PROBLEM DESCRIPTION: Leave every image out, and print the remaining lines below exactly.

RECORDED INFORMATION:

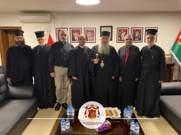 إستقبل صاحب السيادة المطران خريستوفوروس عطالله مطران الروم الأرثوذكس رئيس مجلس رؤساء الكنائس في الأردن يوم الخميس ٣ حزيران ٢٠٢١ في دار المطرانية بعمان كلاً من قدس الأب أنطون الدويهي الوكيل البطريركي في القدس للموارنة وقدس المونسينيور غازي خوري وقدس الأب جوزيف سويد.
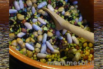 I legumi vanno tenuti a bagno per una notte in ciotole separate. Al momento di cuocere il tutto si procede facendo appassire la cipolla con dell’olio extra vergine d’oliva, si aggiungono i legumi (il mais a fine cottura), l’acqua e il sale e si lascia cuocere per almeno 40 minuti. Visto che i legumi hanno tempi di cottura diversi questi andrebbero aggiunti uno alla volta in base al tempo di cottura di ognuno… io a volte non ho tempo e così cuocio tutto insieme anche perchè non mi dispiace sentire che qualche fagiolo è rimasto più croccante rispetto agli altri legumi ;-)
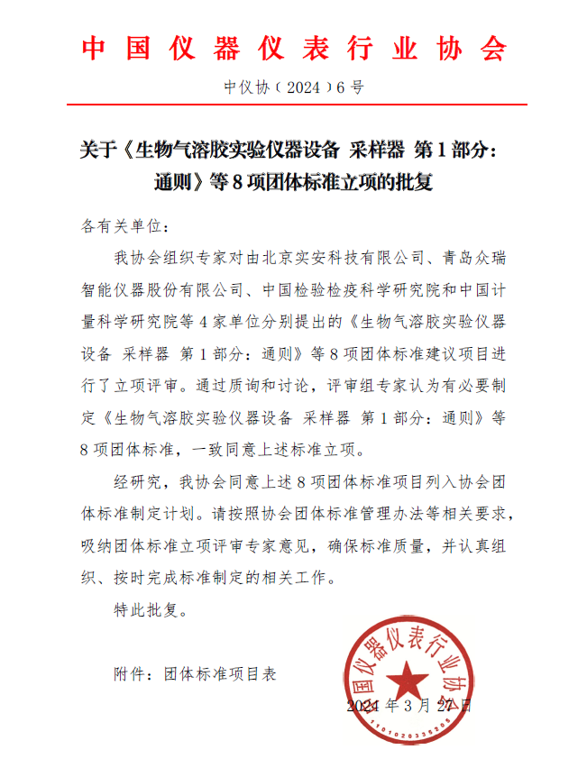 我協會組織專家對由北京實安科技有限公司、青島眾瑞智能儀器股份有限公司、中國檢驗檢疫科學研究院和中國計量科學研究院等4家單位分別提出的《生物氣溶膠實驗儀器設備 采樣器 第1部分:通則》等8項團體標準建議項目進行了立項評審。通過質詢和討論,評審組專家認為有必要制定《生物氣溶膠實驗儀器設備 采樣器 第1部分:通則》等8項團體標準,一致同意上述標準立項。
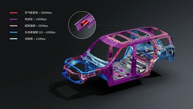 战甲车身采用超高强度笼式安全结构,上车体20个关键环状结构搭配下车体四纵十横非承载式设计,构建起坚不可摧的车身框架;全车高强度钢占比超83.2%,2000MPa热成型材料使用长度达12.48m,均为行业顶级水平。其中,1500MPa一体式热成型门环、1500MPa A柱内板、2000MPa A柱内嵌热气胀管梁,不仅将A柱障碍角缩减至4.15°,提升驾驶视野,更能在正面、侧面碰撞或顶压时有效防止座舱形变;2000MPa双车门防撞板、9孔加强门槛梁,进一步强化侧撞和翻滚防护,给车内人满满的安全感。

RESPONSE AREA:
 إستقبل صاحب السيادة المطران خريستوفوروس عطالله مطران الروم الأرثوذكس رئيس مجلس رؤساء الكنائس في الأردن يوم الخميس ٣ حزيران ٢٠٢١ في دار المطرانية بعمان كلاً من قدس الأب أنطون الدويهي الوكيل البطريركي في القدس للموارنة وقدس المونسينيور غازي خوري وقدس الأب جوزيف سويد.
 I legumi vanno tenuti a bagno per una notte in ciotole separate. Al momento di cuocere il tutto si procede facendo appassire la cipolla con dell’olio extra vergine d’oliva, si aggiungono i legumi (il mais a fine cottura), l’acqua e il sale e si lascia cuocere per almeno 40 minuti. Visto che i legumi hanno tempi di cottura diversi questi andrebbero aggiunti uno alla volta in base al tempo di cottura di ognuno… io a volte non ho tempo e così cuocio tutto insieme anche perchè non mi dispiace sentire che qualche fagiolo è rimasto più croccante rispetto agli altri legumi ;-)
 我協會組織專家對由北京實安科技有限公司、青島眾瑞智能儀器股份有限公司、中國檢驗檢疫科學研究院和中國計量科學研究院等4家單位分別提出的《生物氣溶膠實驗儀器設備 采樣器 第1部分:通則》等8項團體標準建議項目進行了立項評審。通過質詢和討論,評審組專家認為有必要制定《生物氣溶膠實驗儀器設備 采樣器 第1部分:通則》等8項團體標準,一致同意上述標準立項。
 战甲车身采用超高强度笼式安全结构,上车体20个关键环状结构搭配下车体四纵十横非承载式设计,构建起坚不可摧的车身框架;全车高强度钢占比超83.2%,2000MPa热成型材料使用长度达12.48m,均为行业顶级水平。其中,1500MPa一体式热成型门环、1500MPa A柱内板、2000MPa A柱内嵌热气胀管梁,不仅将A柱障碍角缩减至4.15°,提升驾驶视野,更能在正面、侧面碰撞或顶压时有效防止座舱形变;2000MPa双车门防撞板、9孔加强门槛梁,进一步强化侧撞和翻滚防护,给车内人满满的安全感。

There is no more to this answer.